The high price of daydreaming
We all knew a few spacey kids in kindergarten who just couldn’t get their acts together. Their desks were a mess, they never knew what they were supposed to be doing, and they’d lose their heads if they weren’t attached.
You won’t be shocked to learn that they probably grew up to make less money than the class overachievers.
But would you believe that the dreamy kids might be doing worse in life than the class cut-up who got sent to the principal’s office for pushing on the playground, goading classmates or talking back to the teacher?
That’s one potential takeaway from a new study published in JAMA Pediatrics. The study compared kindergarten teachers’ assessments of low-income boys’ inattention, hyperactivity and aggression with their employment earnings at ages 35 to 36, based on their tax returns.
Researchers found that the boys who made the most money in their mid-30s were those who acted with empathy in kindergarten — helping, sharing, cooperating, inviting bystanders to join in activities and being a peacemaker in disputes.
But those who fared the worst were not the boys who disobeyed the teacher and bullied, fought, kicked, bit or otherwise intimidated their classmates.
It was the dreamy, inattentive boys who, the researchers estimated, could earn about $3,000 more a year — or nearly $71,000 over the course of a 40-year career — if they were just able to stay focused, concentrate on a task for a sustained period of time and persist through difficulties.
Research on how students succeed has long pointed to executive-functioning skills — selfregulation, planning, organization — as the basis for academic and eventual economic success.
But this is the first study, according to its authors, to make an explicit connection between so-called prosocial behaviors — like being a helper and a peacemaker — and higher lifetime earnings.
And, counterintuitively, it also shows in dollars and cents that the antisocial behaviors that classroom teachers find most alarming — hyperactivity, disobeying, talking back and fighting — aren’t the actions likeliest to impact long-term success.
“We tried to control for IQ, adverse home conditions and the like, but when we unpacked the relationship between performance in kindergarten and later life success, it wasn’t so surprising that being inattentive led to not being able to keep a job,” said Daniel Nagin, a criminologist and statistician from Carnegie Mellon University’s Heinz College and a co-author of the study. “But having done a lot of research on childhood physical aggression, I was surprised that the physical aggression was not associated with lower income in the way that inattention was.”
Though this might seem hohum to those who don’t spend their day with dozens of kids under the age of 7, take it from me: This is an important finding. It offers insight to those of us working hard to train kindergartners well enough to graduate to a first-grade experience that will include sitting still to work for 90 minutes at a stretch, learning to read and write, and performing algebraic functions during math instruction.
Another remarkable observation we can make is how finely tuned kindergarten teachers are to their students. Nagin confirmed for me that the teacher data were acquired through standard questionnaires.
“The kindergarten teachers effectively identified students who may have benefited from additional help just by using their observational skills — they weren’t specifically trained to make these assessments,” Nagin said.
As with any other individual research study, no matter how well constructed, it’s unwise to overgeneralize.

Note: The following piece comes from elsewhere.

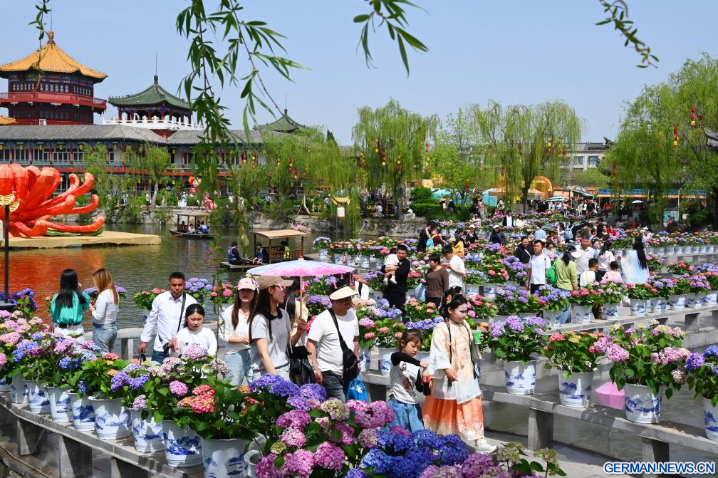 BEIJING, 7. April 2026 (Xinhuanet) -- Touristen besuchen den Kulturgarten Hanyuan-Stelenwälder in der Stadt Kaifeng in der zentralchinesischen Provinz Henan, 5. April 2026. (Foto von Li Junsheng/Xinhua)

This analysis was, after all, conducted on white, low-income boys in Montreal, Canada, who, presumably, were largely immune from the systemic racism and deep socioeconomic disparity that impact many elementary school students in the United States.
But it is fascinating, noteworthy and maybe a little unsettling to reframe bullying, disobedient or aggressive behaviors in children as young as 5 or 6 as something other than strictly a lack of executive-function skills.

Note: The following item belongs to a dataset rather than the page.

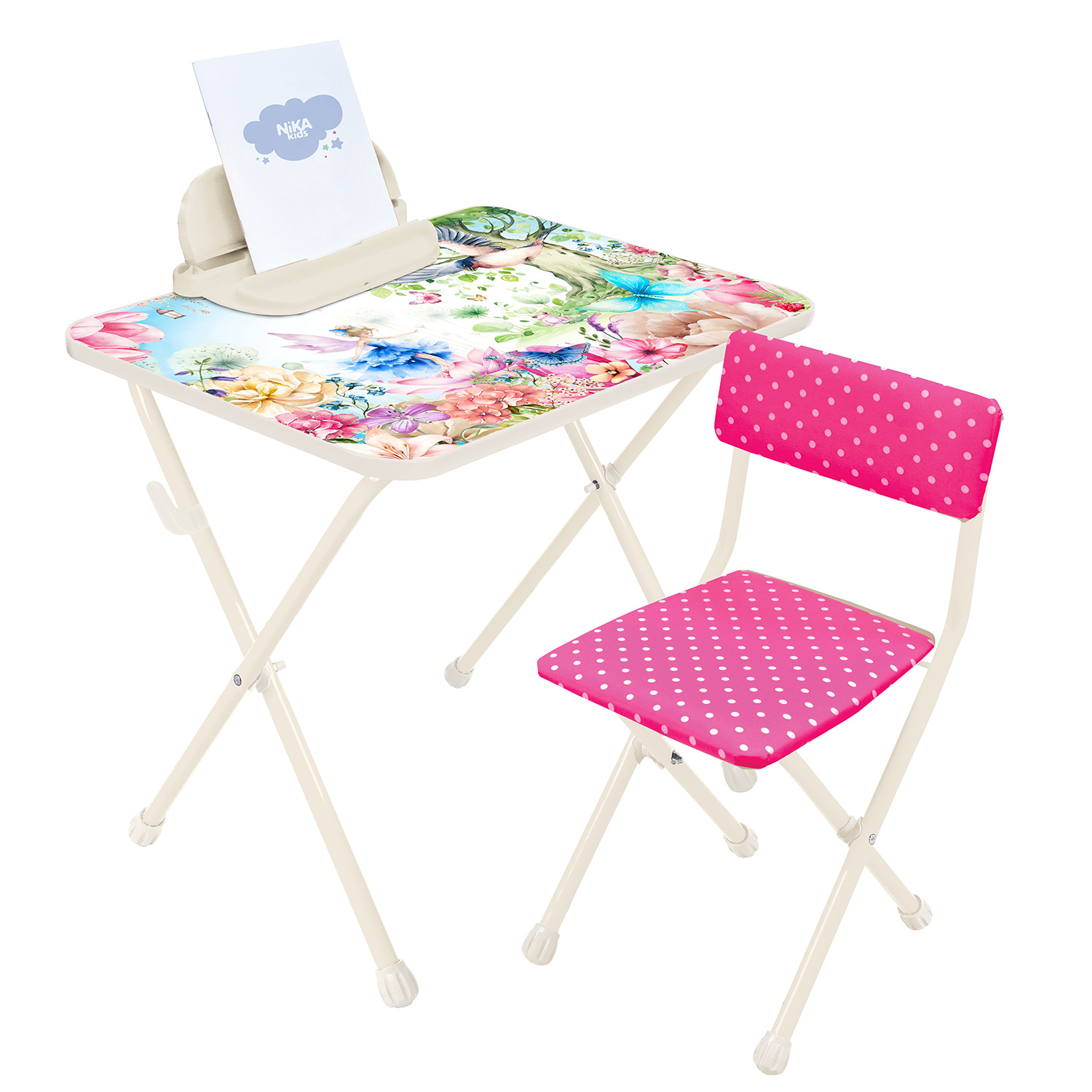 Классический комплект складной мебели, состоящий из стола и стула. Для детей в возрасте от 3 до 7 лет.

And, potentially, it’s hopeful to imagine that youngsters who exhibit such behaviors may have the capacity to channel their impulses toward some eventual good.
America’s entire education apparatus, however, will be upended if the venerated “dreamy and creative” students that sappy educational motivation posters valorize because they “march to the beat of their own drummer” turn out to not be the next Steve Jobs, but the kids that need the most worrying about — and appropriate intervention.
Esther Cepeda is syndicated by The Washington Post Writers Group.